*** Records for this exercise ***

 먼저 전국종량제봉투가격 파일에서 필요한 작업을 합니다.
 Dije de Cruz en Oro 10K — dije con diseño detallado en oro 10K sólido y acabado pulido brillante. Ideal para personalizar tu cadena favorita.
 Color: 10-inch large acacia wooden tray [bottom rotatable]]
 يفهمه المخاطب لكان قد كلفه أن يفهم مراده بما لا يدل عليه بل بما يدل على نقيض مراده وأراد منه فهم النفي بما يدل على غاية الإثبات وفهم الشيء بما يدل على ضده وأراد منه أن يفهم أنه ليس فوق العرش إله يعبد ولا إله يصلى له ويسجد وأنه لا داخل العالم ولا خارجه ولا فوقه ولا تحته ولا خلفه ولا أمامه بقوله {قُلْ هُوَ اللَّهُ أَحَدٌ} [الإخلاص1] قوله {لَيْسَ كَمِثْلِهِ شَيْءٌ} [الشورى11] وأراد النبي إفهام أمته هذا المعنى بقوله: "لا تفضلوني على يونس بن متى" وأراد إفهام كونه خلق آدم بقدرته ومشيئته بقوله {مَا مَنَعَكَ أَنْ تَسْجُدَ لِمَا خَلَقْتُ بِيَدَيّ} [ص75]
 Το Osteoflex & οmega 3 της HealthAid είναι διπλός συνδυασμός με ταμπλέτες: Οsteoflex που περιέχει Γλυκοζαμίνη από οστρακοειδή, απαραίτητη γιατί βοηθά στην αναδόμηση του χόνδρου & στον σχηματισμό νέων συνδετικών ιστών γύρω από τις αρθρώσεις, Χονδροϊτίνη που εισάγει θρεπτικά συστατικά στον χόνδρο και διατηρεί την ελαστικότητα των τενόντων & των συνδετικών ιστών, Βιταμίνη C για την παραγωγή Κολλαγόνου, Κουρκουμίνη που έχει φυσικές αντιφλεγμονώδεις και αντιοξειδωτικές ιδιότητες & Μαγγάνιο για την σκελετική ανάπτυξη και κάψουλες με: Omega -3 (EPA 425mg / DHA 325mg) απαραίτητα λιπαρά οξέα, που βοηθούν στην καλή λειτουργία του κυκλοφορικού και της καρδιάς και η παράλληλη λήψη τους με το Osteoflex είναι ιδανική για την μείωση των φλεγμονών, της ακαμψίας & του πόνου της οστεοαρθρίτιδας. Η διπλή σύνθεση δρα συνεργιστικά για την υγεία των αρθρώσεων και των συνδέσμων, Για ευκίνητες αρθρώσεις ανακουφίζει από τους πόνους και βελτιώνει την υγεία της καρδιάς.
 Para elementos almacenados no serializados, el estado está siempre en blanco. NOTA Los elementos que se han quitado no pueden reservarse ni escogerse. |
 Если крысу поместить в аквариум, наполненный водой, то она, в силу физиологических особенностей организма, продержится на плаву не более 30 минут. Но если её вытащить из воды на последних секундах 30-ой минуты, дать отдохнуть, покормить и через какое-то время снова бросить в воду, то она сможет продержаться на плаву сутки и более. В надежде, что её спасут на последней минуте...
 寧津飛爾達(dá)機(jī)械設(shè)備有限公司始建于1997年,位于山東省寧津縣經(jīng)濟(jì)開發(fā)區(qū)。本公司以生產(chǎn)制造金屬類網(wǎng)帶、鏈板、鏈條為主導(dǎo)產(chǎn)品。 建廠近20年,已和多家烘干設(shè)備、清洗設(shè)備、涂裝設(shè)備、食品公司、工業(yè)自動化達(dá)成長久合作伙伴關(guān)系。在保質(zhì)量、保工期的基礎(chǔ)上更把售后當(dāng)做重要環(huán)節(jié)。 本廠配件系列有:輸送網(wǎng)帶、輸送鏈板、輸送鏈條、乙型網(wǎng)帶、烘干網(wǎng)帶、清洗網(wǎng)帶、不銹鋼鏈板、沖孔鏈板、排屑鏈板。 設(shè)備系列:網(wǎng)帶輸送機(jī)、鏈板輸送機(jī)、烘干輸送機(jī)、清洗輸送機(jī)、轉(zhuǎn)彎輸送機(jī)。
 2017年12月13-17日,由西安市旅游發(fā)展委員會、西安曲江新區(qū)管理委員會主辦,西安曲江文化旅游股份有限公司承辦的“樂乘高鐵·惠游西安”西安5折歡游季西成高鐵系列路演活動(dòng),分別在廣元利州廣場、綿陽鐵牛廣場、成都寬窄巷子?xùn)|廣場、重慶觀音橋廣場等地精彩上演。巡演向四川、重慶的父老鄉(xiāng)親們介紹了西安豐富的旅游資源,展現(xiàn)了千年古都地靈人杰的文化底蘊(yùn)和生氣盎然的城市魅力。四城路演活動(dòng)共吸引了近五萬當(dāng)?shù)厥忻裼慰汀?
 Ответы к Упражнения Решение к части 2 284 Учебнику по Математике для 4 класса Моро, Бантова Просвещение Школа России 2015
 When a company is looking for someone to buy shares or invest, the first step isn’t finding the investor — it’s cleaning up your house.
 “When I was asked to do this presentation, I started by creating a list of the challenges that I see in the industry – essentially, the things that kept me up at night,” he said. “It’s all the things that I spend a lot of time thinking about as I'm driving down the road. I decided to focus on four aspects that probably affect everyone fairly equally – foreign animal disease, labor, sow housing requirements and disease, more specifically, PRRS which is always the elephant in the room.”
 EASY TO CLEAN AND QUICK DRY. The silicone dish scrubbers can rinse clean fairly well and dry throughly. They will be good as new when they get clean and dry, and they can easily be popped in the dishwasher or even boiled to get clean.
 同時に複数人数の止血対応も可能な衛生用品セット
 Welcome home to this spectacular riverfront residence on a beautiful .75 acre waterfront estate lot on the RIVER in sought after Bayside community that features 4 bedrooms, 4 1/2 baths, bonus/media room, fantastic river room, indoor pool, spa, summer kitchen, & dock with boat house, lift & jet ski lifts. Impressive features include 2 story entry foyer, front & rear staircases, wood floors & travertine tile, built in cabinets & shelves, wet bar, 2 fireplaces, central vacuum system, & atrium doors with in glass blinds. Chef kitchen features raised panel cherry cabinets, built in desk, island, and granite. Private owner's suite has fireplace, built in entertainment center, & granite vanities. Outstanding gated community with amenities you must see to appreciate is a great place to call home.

***

◆ Work item: Would you please give all of the entries above once more, exactly as they are?

◆ Solution to the exercise:
 먼저 전국종량제봉투가격 파일에서 필요한 작업을 합니다.
 Dije de Cruz en Oro 10K — dije con diseño detallado en oro 10K sólido y acabado pulido brillante. Ideal para personalizar tu cadena favorita.
 Color: 10-inch large acacia wooden tray [bottom rotatable]]
 يفهمه المخاطب لكان قد كلفه أن يفهم مراده بما لا يدل عليه بل بما يدل على نقيض مراده وأراد منه فهم النفي بما يدل على غاية الإثبات وفهم الشيء بما يدل على ضده وأراد منه أن يفهم أنه ليس فوق العرش إله يعبد ولا إله يصلى له ويسجد وأنه لا داخل العالم ولا خارجه ولا فوقه ولا تحته ولا خلفه ولا أمامه بقوله {قُلْ هُوَ اللَّهُ أَحَدٌ} [الإخلاص1] قوله {لَيْسَ كَمِثْلِهِ شَيْءٌ} [الشورى11] وأراد النبي إفهام أمته هذا المعنى بقوله: "لا تفضلوني على يونس بن متى" وأراد إفهام كونه خلق آدم بقدرته ومشيئته بقوله {مَا مَنَعَكَ أَنْ تَسْجُدَ لِمَا خَلَقْتُ بِيَدَيّ} [ص75]
 Το Osteoflex & οmega 3 της HealthAid είναι διπλός συνδυασμός με ταμπλέτες: Οsteoflex που περιέχει Γλυκοζαμίνη από οστρακοειδή, απαραίτητη γιατί βοηθά στην αναδόμηση του χόνδρου & στον σχηματισμό νέων συνδετικών ιστών γύρω από τις αρθρώσεις, Χονδροϊτίνη που εισάγει θρεπτικά συστατικά στον χόνδρο και διατηρεί την ελαστικότητα των τενόντων & των συνδετικών ιστών, Βιταμίνη C για την παραγωγή Κολλαγόνου, Κουρκουμίνη που έχει φυσικές αντιφλεγμονώδεις και αντιοξειδωτικές ιδιότητες & Μαγγάνιο για την σκελετική ανάπτυξη και κάψουλες με: Omega -3 (EPA 425mg / DHA 325mg) απαραίτητα λιπαρά οξέα, που βοηθούν στην καλή λειτουργία του κυκλοφορικού και της καρδιάς και η παράλληλη λήψη τους με το Osteoflex είναι ιδανική για την μείωση των φλεγμονών, της ακαμψίας & του πόνου της οστεοαρθρίτιδας. Η διπλή σύνθεση δρα συνεργιστικά για την υγεία των αρθρώσεων και των συνδέσμων, Για ευκίνητες αρθρώσεις ανακουφίζει από τους πόνους και βελτιώνει την υγεία της καρδιάς.
 Para elementos almacenados no serializados, el estado está siempre en blanco. NOTA Los elementos que se han quitado no pueden reservarse ni escogerse. |
 Если крысу поместить в аквариум, наполненный водой, то она, в силу физиологических особенностей организма, продержится на плаву не более 30 минут. Но если её вытащить из воды на последних секундах 30-ой минуты, дать отдохнуть, покормить и через какое-то время снова бросить в воду, то она сможет продержаться на плаву сутки и более. В надежде, что её спасут на последней минуте...
 寧津飛爾達(dá)機(jī)械設(shè)備有限公司始建于1997年,位于山東省寧津縣經(jīng)濟(jì)開發(fā)區(qū)。本公司以生產(chǎn)制造金屬類網(wǎng)帶、鏈板、鏈條為主導(dǎo)產(chǎn)品。 建廠近20年,已和多家烘干設(shè)備、清洗設(shè)備、涂裝設(shè)備、食品公司、工業(yè)自動化達(dá)成長久合作伙伴關(guān)系。在保質(zhì)量、保工期的基礎(chǔ)上更把售后當(dāng)做重要環(huán)節(jié)。 本廠配件系列有:輸送網(wǎng)帶、輸送鏈板、輸送鏈條、乙型網(wǎng)帶、烘干網(wǎng)帶、清洗網(wǎng)帶、不銹鋼鏈板、沖孔鏈板、排屑鏈板。 設(shè)備系列:網(wǎng)帶輸送機(jī)、鏈板輸送機(jī)、烘干輸送機(jī)、清洗輸送機(jī)、轉(zhuǎn)彎輸送機(jī)。
 2017年12月13-17日,由西安市旅游發(fā)展委員會、西安曲江新區(qū)管理委員會主辦,西安曲江文化旅游股份有限公司承辦的“樂乘高鐵·惠游西安”西安5折歡游季西成高鐵系列路演活動(dòng),分別在廣元利州廣場、綿陽鐵牛廣場、成都寬窄巷子?xùn)|廣場、重慶觀音橋廣場等地精彩上演。巡演向四川、重慶的父老鄉(xiāng)親們介紹了西安豐富的旅游資源,展現(xiàn)了千年古都地靈人杰的文化底蘊(yùn)和生氣盎然的城市魅力。四城路演活動(dòng)共吸引了近五萬當(dāng)?shù)厥忻裼慰汀?
 Ответы к Упражнения Решение к части 2 284 Учебнику по Математике для 4 класса Моро, Бантова Просвещение Школа России 2015
 When a company is looking for someone to buy shares or invest, the first step isn’t finding the investor — it’s cleaning up your house.
 “When I was asked to do this presentation, I started by creating a list of the challenges that I see in the industry – essentially, the things that kept me up at night,” he said. “It’s all the things that I spend a lot of time thinking about as I'm driving down the road. I decided to focus on four aspects that probably affect everyone fairly equally – foreign animal disease, labor, sow housing requirements and disease, more specifically, PRRS which is always the elephant in the room.”
 EASY TO CLEAN AND QUICK DRY. The silicone dish scrubbers can rinse clean fairly well and dry throughly. They will be good as new when they get clean and dry, and they can easily be popped in the dishwasher or even boiled to get clean.
 同時に複数人数の止血対応も可能な衛生用品セット
 Welcome home to this spectacular riverfront residence on a beautiful .75 acre waterfront estate lot on the RIVER in sought after Bayside community that features 4 bedrooms, 4 1/2 baths, bonus/media room, fantastic river room, indoor pool, spa, summer kitchen, & dock with boat house, lift & jet ski lifts. Impressive features include 2 story entry foyer, front & rear staircases, wood floors & travertine tile, built in cabinets & shelves, wet bar, 2 fireplaces, central vacuum system, & atrium doors with in glass blinds. Chef kitchen features raised panel cherry cabinets, built in desk, island, and granite. Private owner's suite has fireplace, built in entertainment center, & granite vanities. Outstanding gated community with amenities you must see to appreciate is a great place to call home.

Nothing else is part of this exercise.